Applications of 3D Reconstruction Techniques in Crop Canopy Phenotyping: A Review
Yanzhou Li, Zhuo Liang, Bo Liu, Lijuan Yin, Fanghao Wan, Wanqiang Qian, Xi Qiao
Abstract
Amid growing challenges to global food security, high-throughput crop phenotyping has become an essential tool, playing a critical role in genetic improvement, biomass estimation, and disease prevention. Unlike controlled laboratory environments, field-based phenotypic data collection is highly vulnerable to unpredictable factors, significantly complicating the data acquisition process. As a result, the choice of appropriate data collection equipment and processing methods has become a central focus of research. Currently, three key technologies for extracting crop phenotypic parameters are Light Detection and Ranging (LiDAR), Multi-View Stereo (MVS), and depth camera systems. LiDAR is valued for its rapid data acquisition and high-quality point cloud output, despite its substantial cost.
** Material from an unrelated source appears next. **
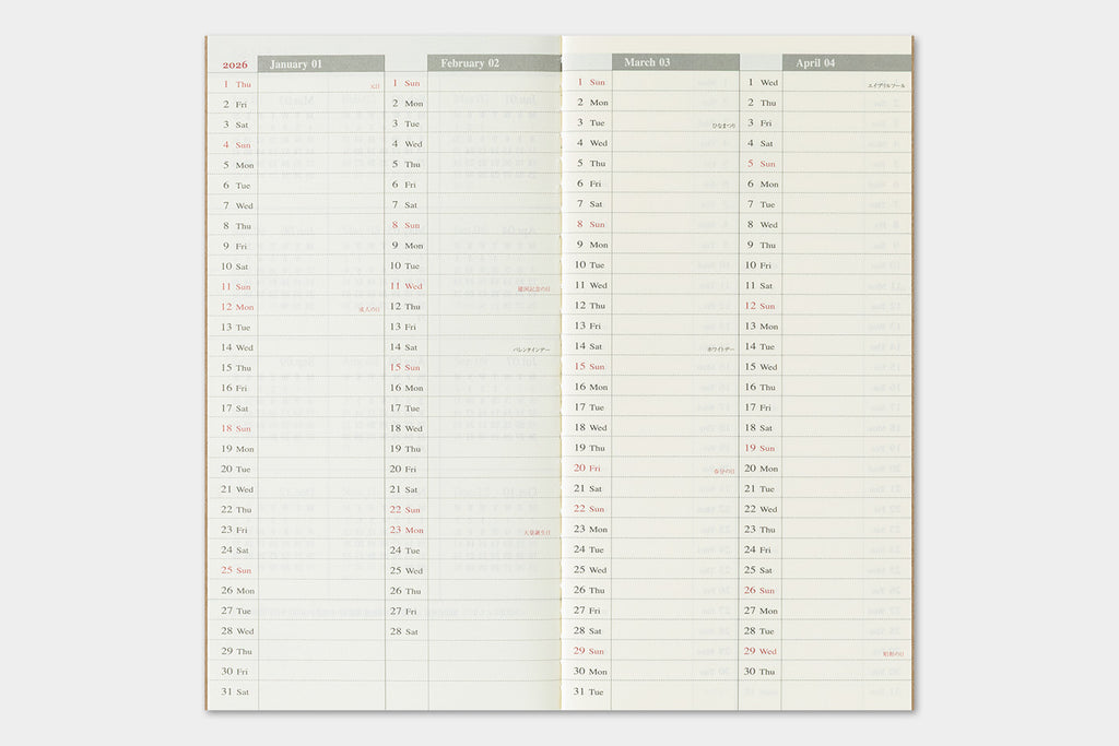 This is the 2026 Weekly Vertical Diary for TRAVELER'S Notebook. This diary is useful for keeping track of your schedule.

MVS offers the potential to combine low-cost deployment with high-resolution point cloud generation, though challenges remain in the complexity and efficiency of point cloud processing. Depth cameras strike a favorable balance between processing speed, accuracy, and cost-effectiveness, yet their performance can be influenced by ambient conditions such as lighting. Data processing techniques primarily involve point cloud denoising, registration, segmentation, and reconstruction. This review summarizes advances over the past five years in 3D reconstruction technologies—focusing on both hardware and point cloud processing methods—with the aim of supporting efficient and accurate 3D phenotype acquisition in high-throughput crop research.